▶ _Task to complete_
The expected result is a verbatim repetition of the lines from the start of the entries through the line containing "Fast forward to January 2017.", with the pictures removed.

▶ _Extracted records_
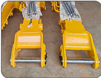
Point 1 Multi-layer welding
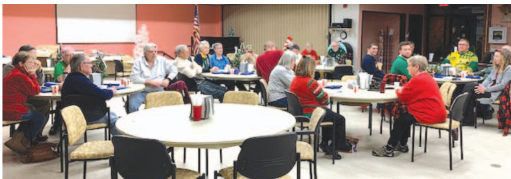
The Korner Lions celebrate at a Christmas party with games, singing Christmas carols, awards and a unique Christmas sweater contest.
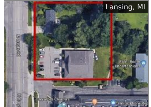
722 & 732 N Creyts Road $289,000
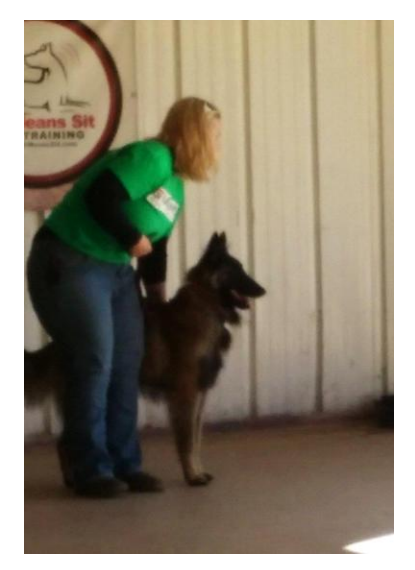
Fast forward to January 2017.

Koby has been with us for three months now. After a two month period of adjustment and work on very basic training at home, Koby and I are enrolled in formal training classes which will earn us his CGC. We cannot wait for the day we can have Koby join you all and your beautiful dogs during Conformation and Agility events.

▶ _Worked solution_
Point 1 Multi-layer welding
The Korner Lions celebrate at a Christmas party with games, singing Christmas carols, awards and a unique Christmas sweater contest.
722 & 732 N Creyts Road $289,000
Fast forward to January 2017.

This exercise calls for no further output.